In these cases, the victim should be moved by several people and transported in such a way that the spine and the neck are fixed in place, if time constraints allow.

When providing first aid, rescuers need to take care of themselves, too.

The correct position should ensure that the injured body and head are in one axis, which will ensure a better position for the whole spine.

The easy and fast way = kneel behind the victim's head and keep the head on the hips in a firm grip, and do not move it.

Stay that way until medical help arrives and take over the care for the victim.

If the victim is unconscious, the same first-responder principles apply, except if the airways need to be cleared. In case of obvious difficulty breathing, the victim's head should be carefully and slightly tilted.

Of course, we still maintain a suitable head position.

A serious condition is a respiratory disorder or respiratory arrest that persists after clearing the airways. At that moment, we continue with chest compressions (rhythmically pushing down on the chest, CPR = cardiopulmonary resuscitation).

The head must not be moved if the cervical spine is injured.

The task is to maintain congestion of vital organs, especially the brain, heart and lungs.

The compression-to-ventilation ratio, as perfrormed by trained rescuers, is 30:2.
If CPR is performed by a person without first aid training, it is continued only by compressions at a frequency of 100 per minute. Their depth should be 5 to 6 centimeters.

If you don't remember the procedure, it doesn't matter.

In any case, call back your local emergency number, inform them of the deteriorating condition and the operator will guide you through the correct resuscitation procedure.

In these situations, resuscitation takes precedence over anything else. Damaged spinal cord may not be the cause of circulatory and respiratory arrest. However, this is not excluded.

When calling either your local or the international emergency number 112:

  • remain calm, stress can make mutual comprehension difficult, speak naturally and understandably
  • cooperate with the operator
  • the following information is to be reported:
    • who is calling (whether the caller is a witness or a participant in the accident, sharing any names is not important to save the injured)
    • where it happened
      • give some landmarks
      • unknown location - use GPS coordinates
      • use any app that is able to locate you
    • what happened - type of event, traffic accident, motorcycle, bus and others
    • who is the victim - the number of injured persons, at least by estimation in case more people are injured
    • when it happened
    • other questions that might be asked by the emergency operator:
      • injuries
      • safety
      • first aid provided
      • provides first aid instructions
      • explains how to give a CPR until the arrival of medical professionals

Professional treatment

The purpose of treatment is to alleviate the consequences and complications of spinal cord injury. Early patient mobilisation, rehabilitation and psychological support are important.

Serious spinal cord injuries with present neurological deficits are a major change in human life that has a negative impact on the mental state. And from several aspects.

Professional help is given at the location of the accident by means of care, positioning and fixing the victim to get ready for transport.

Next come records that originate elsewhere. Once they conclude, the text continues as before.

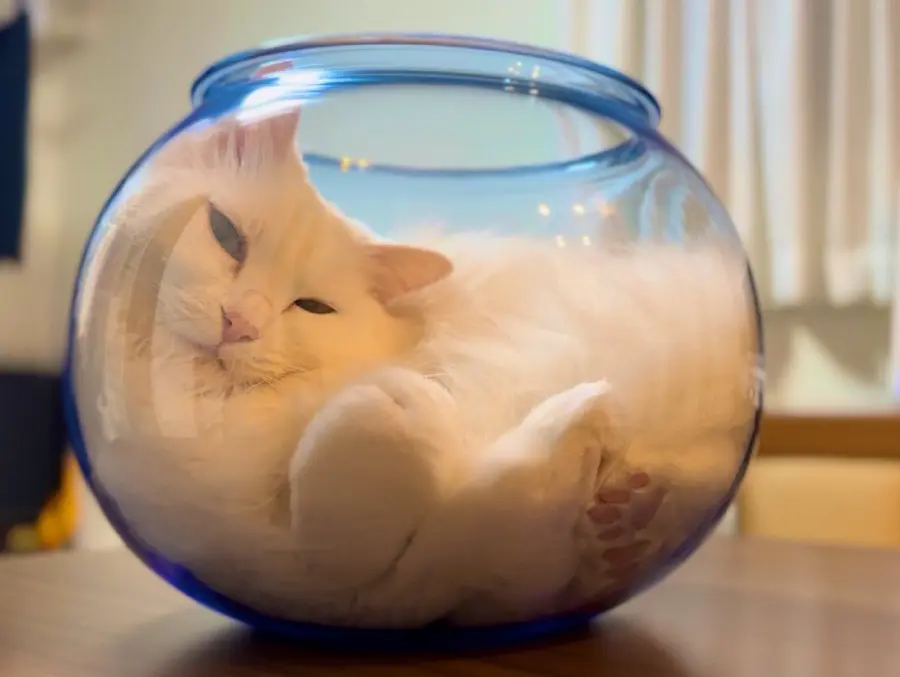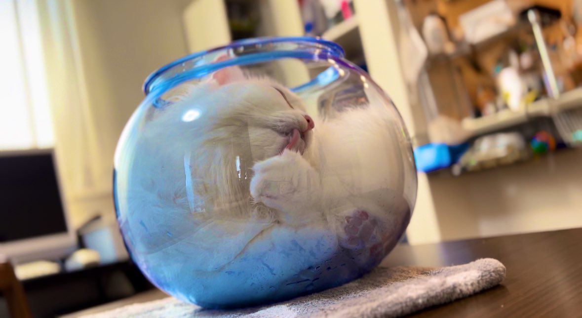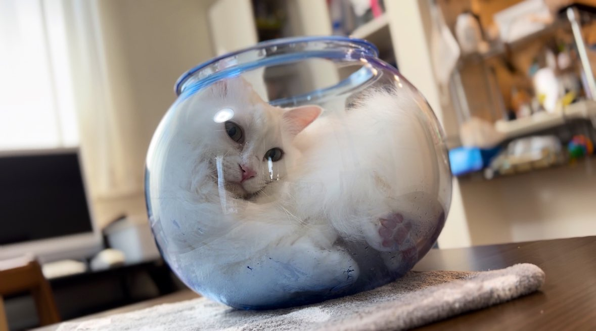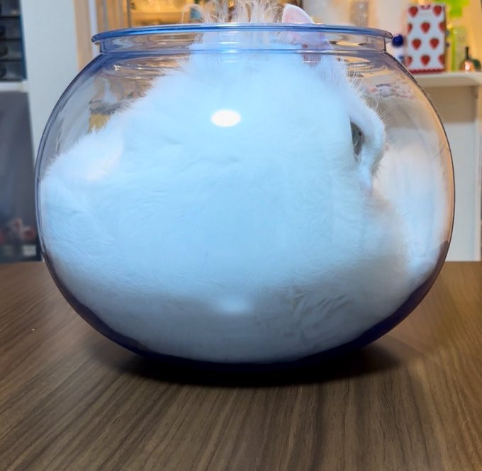 而最近日本推特上有位飼主雨と雪之丞(@5711Nakasin),分享了給自家貓咪買上魚缸嘗試讓牠住進去的成果,胖胖的貓皇窩進圓圓小小的魚缸之中,超可愛的模樣被大量網友關注,成為了人氣小網紅。
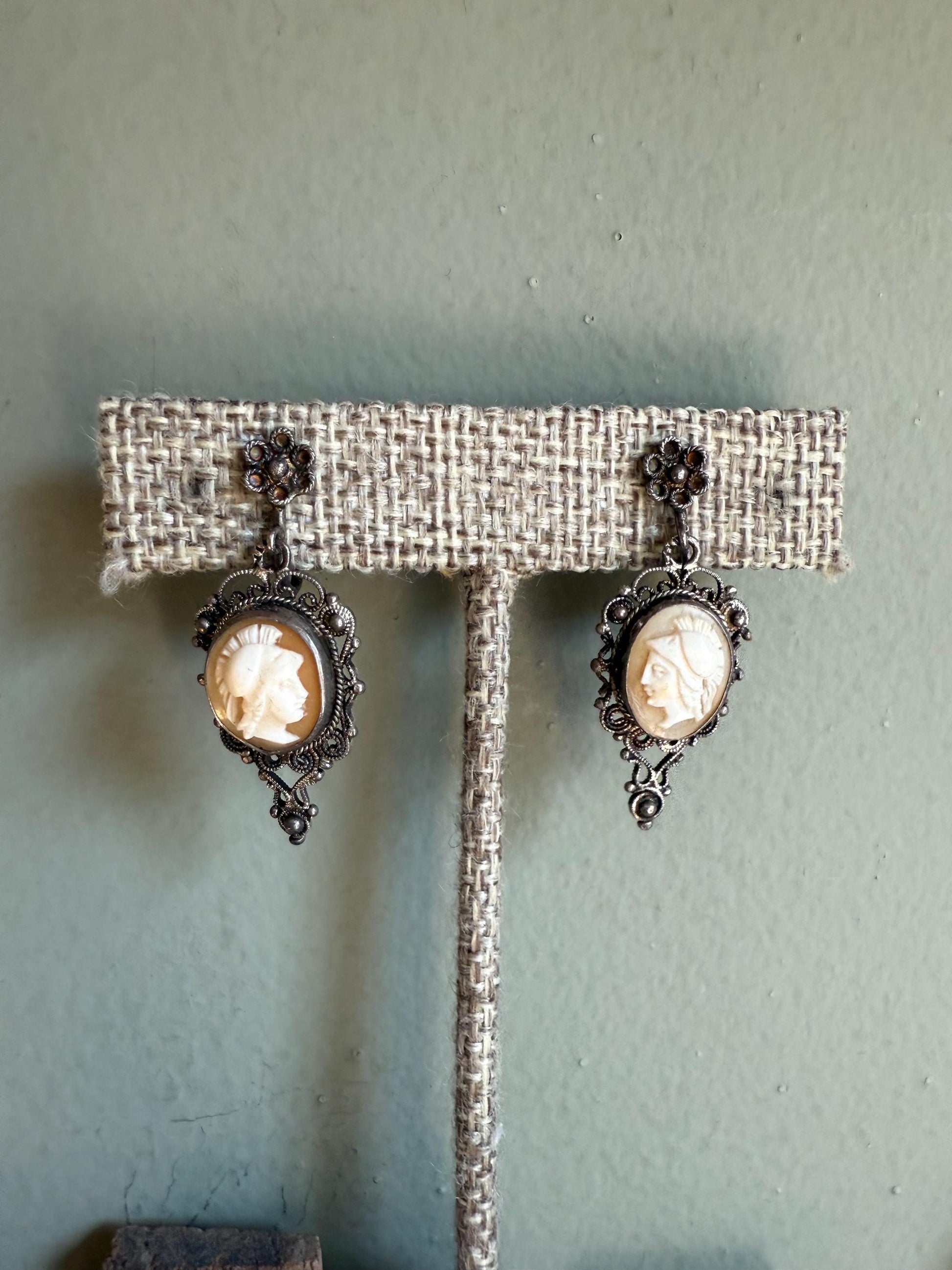 900 silver handmade dangle earrings featuring carved conch shell cameos depicting Athena the god of war. Beautiful setting with milgrain and scroll work. Dangles from a flower with screw backs. These can be converted to wires. I have not polished tham at all-so you are seeing them with patina. They can be hand polished with a cloth to brighten the silver. 1 1/2" top to bottom and 9/16" wide.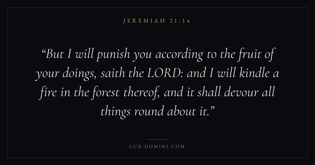 But I will punish you according to the fruit of your doings, saith the LORD: and I will kindle a fire in the forest thereof, and it shall devour all things round about it.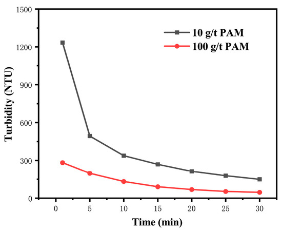 The settling behaviors of quartz slurry were investigated to examine the flocculation efficiency of the proposed polymers–cofactors system. The supernatant turbidity of 10 wt.% -200-mesh quartz slurry during sedimentation is shown in Figure 6. These sedimentation curves can be described using the exponential decay of turbidity as a function of time. The use of PEO at a dosage of 10~100 g/t settles significantly faster, with 10-min turbidity reduced to 94.4 NTU (100 g/t), compared to 834 NTU (100 g/t) at the same dose of PAM. Low turbidity indicated a better clarity of the supernatant, containing a smaller number of suspended particles. In the simulated acidic leaching pulp, PEO was proved to be more efficient to flocculate quartz particles. On the other hand, PAM might be good at accelerating settling rate, but it was not capable of controlling the turbidity of the supernatant, even with an excessive dosage.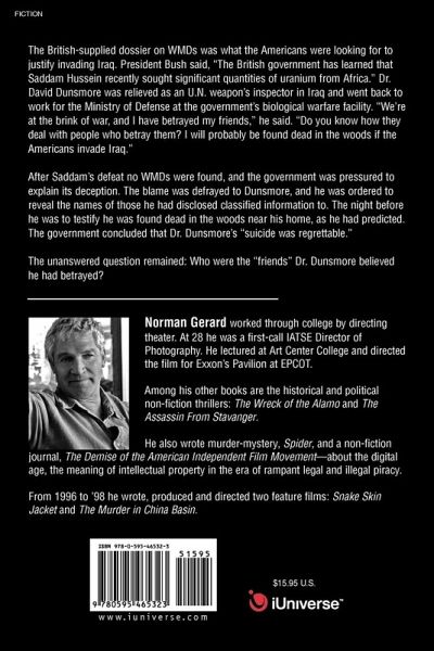 The British-supplied dossier on WMDs was what the Americans were looking for to justify invading Iraq. President Bush said, "The British government has learned that Saddam Hussein recently sought significant quantities of uranium from Africa." Dr. David Dunsmore was relieved as an U.N. weapon's inspector in Iraq and went back to work for the Ministry of Defense at the government's biological warfare facility. "We're at the brink of war, and I have betrayed my friends," he said. "Do you know how they deal with people who betray them? I will probably be found dead in the woods if the Americans invade Iraq." After Saddam's defeat no WMDs were found, and the government was pressured to explain its deception. The blame was defrayed to Dunsmore, and he was ordered to reveal the names of those he had disclosed classified information to. The night before he was to testify he was found dead in the woods near his home, as he had predicted. The government concluded that Dr. Dunsmore's "suicide was regrettable." The unanswered question remained: Who were the "friends" Dr. Dunsmore believed he had betrayed?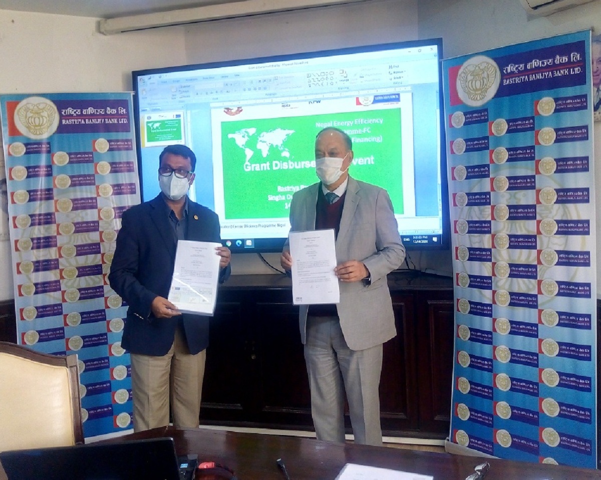 काठमाण्डु – राष्ट्रिय वाणिज्य बैंकद्धारा जर्मन सरकारबाट KFW बैंक मार्फत प्राप्त अनुदान सहयोगमा संचालित ‘Energy Efficiency Program Nepal’ को अनुदान सहयोग कार्यक्रम अन्र्तगत रकम हस्तान्तरण गरेको छ ।

The victim is intubated (with a cannula for tracheal intubation) to bring breathing under control in case of a respiratory arrest or difficulty breathing.

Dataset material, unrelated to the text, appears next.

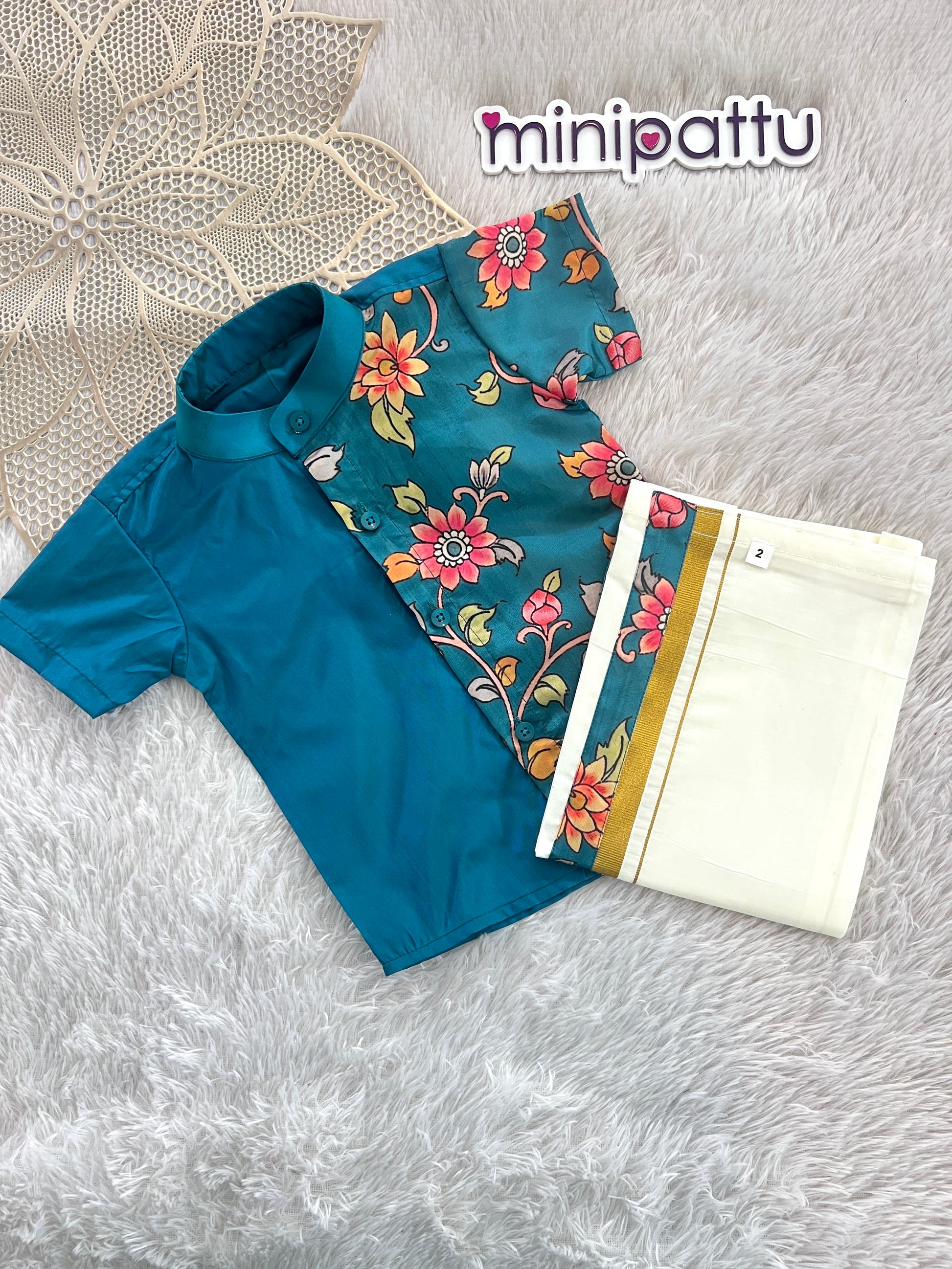 Color: | Yathra - Teal Blue Kalamkari Shirt & Dhothi Set |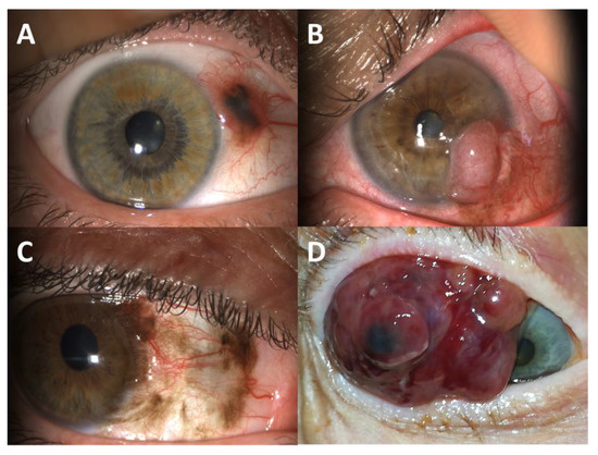 Clinical aspect of conjunctival melanoma (CM) upon presentation or after recurrence: (A) CM arising from a naevus; (B) Recurrence of achromic CM with primary acquired melanosis (PAM) (first surgery performed in another area without “no-touch” surgery); (C) Extended multifocal CM arising from PAM; (D) Early and massive recurrence of CM despite wide local excision followed by proton beam radiotherapy. The patient underwent orbital exenteration and died from metastatic spread of his CM thereafter.

This is followed by a check on vital signs that will determine further professional treatment. The first neurological examination is performed both on site and in the hospital.

Corticosteroids, oxygen, shock therapy, fluid replacement, and lost blood replacement are given as part of pharmacological treatment.

If necessary, neurosurgery is performed, e.g. to stabilise the spine and decompress, i.e. release the pressure in, the spinal cord.

Later on during the treatment, rehabilitation, nursing care, repositioning and prevention of pressure ulcers (bedsores)are all very important as the patient is immobilised.

Besides preventing bedsores, it is important to take certain measures to prevent immobilised people from developing pneumonia, urinary tract infections, bedsores on the skin, and get them used to drinking lots of fluids.